After SBI recently lowered the interest rate on low-value savings deposits to 3.25 per cent, many other PSU banks followed suit and now offer a measly 3.25 per cent on such deposits. Private sector banks such as HDFC Bank, ICICI Bank and Axis Bank offer a slightly higher rate of 3.5 per cent on savings deposits up to ₹50 lakh, which is still rather modest.

Thus, parking huge sums in savings accounts may not be the most efficient way to manage your surplus money. It is true that liquidity, convenience and ease of access are of paramount importance for contingency funds. While savings deposits seem the obvious choice, there are other instruments that meet these demands and also offer higher returns on your savings.

While a few banks such as IDFC First Bank and Kotak Bank offer 6-7 per cent interest on savings deposits with higher balances, opening another running account (if you are banking with another bank) and maintaining the minimum balance may be tedious and come at a cost.

Instead, you can boost your returns by either investing the surplus in liquid funds or opting for an automatic ‘sweep’ facility that moves excess money from your savings account into a fixed deposit. Here’s a look at each of these options.

Automatic sweep

If you are wary of taking market risks and prefer bank deposits, you can consider an automatic ‘sweep’ facility. This can help move surplus money from your savings account into a fixed deposit, earning you higher returns without compromising on liquidity.
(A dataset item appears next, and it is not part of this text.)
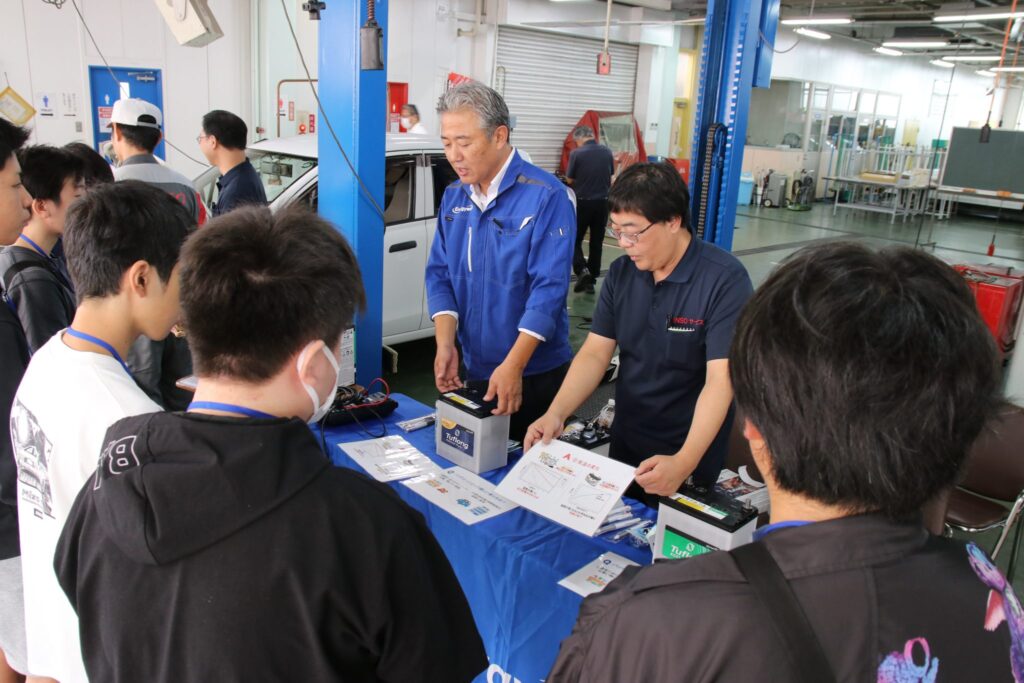 『赤門学院祭』には、在校生を含めて約500人が参加しました。エナジーウィズは、自動車バッテリーに関する作業を体験することができるブースを設け、同校に入学を予定・検討している人や在校生などの未来の自動車整備士たち約50人が訪れました。

This is because, in the case of a shortfall, money can be moved back to your savings account.

But not all types of savings accounts provide automatic sweep and reverse sweep facilities. Also, while you can set the sweep limits for your savings accounts, banks do specify minimum/maximum thresholds. Take ICICI Bank, for instance. Any idle amount in its Gold Plus Savings Account above the threshold of ₹75,000 moves automatically into FDs in multiples of ₹25,000. The minimum amount for a fixed deposit is ₹25,000.

On the other hand, HDFC Bank does not allow sweep-ins/sweep-outs from FDs of amounts greater than or equal to ₹5 crore crore and less than ₹25 crore.
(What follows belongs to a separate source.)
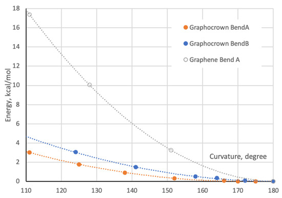 As the next step, we cut two different stripes from the single-layer graphocrown (in perpendicular directions), terminated them with hydrogens, and tried to bend them (Figure 2b,c). The relaxed scan in respect to the bending/torsional angle was performed in ORCA 5.0.4 with the r2SCAN-3c approach, which we consider as more reliable than the PM3 Hamiltonian intensively used in some work [69]. For consistency, we also cut graphene stripes of same shape. Figure 3 demonstrates the fact that graphocrown stripes can be bent (actually much more easily than graphene stripes), but still have minimal energy, being planar. In fact, due to hydrogen repulsion on the armchair edge, the graphene flakes actually have a destabilizing distortion. This also brings us to the controversy of the approach suggested in work [69]—while we agree that the improper usage of PBC might artificially stabilize nonoptimal conformations, the edge effects of an improperly terminated cluster approach might artificially destabilise planar structures, and the principal role here (for the single layers) is the lability or robustness of the “inner part” of the flake.

You also need to know the tenure for which the FD is created. Axis Bank’s Encash allows you to choose between six months and five years, while HDFC Bank creates fixed deposits for one-year and one-day periods.
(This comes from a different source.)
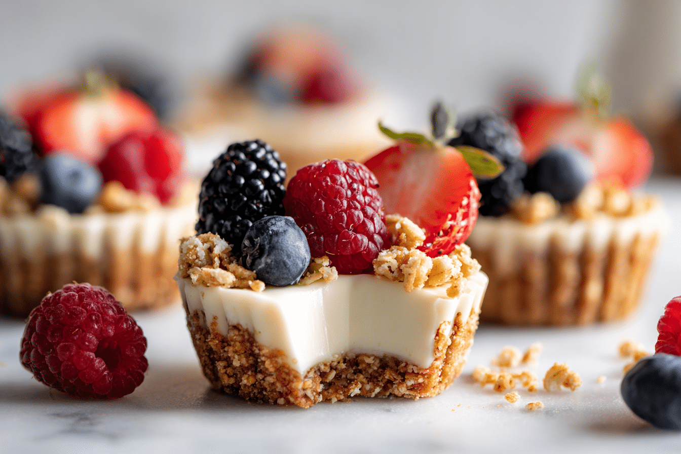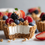 During warm months, frozen desserts made with fruit and yogurt often feel more refreshing than heavier sweets. The yogurt filling provides a creamy base, while the granola creates a sturdy outer layer that adds crunch and flavor. Fresh berries brighten the cups with natural sweetness and vibrant color.

Since the rates vary across tenures, returns from sweep accounts depend on the tenure chosen and the applicable interest rates. But should you need the money before maturity, you will be charged a penalty for premature withdrawal.

Tax treatment: While interest income from the savings bank account is tax-free up to ₹10,000 under section 80 TTA of the Income-Tax Act, tax treatment for the interest income from sweep-in accounts is the same as that of fixed deposits. The whole income is taxable at the customer’s respective income-tax slab rate.

The post-tax returns from sweep-in accounts, after penalty (if any), may bring down your returns.

Bottomline: If you do not want to take any risk with your contingency funds but want to earn slightly higher returns than from savings accounts, you can consider sweep-in options. But you need to understand the fineprint of each bank’s sweep facility before choosing this option.

Liquid funds

If you are willing to take a little market risk, then liquid funds can be another option to earn higher returns. Liquid funds are a type of debt mutual funds that invest primarily in money market instruments such as certificates of deposit, treasury bills and commercial paper with maturity up to 91 days.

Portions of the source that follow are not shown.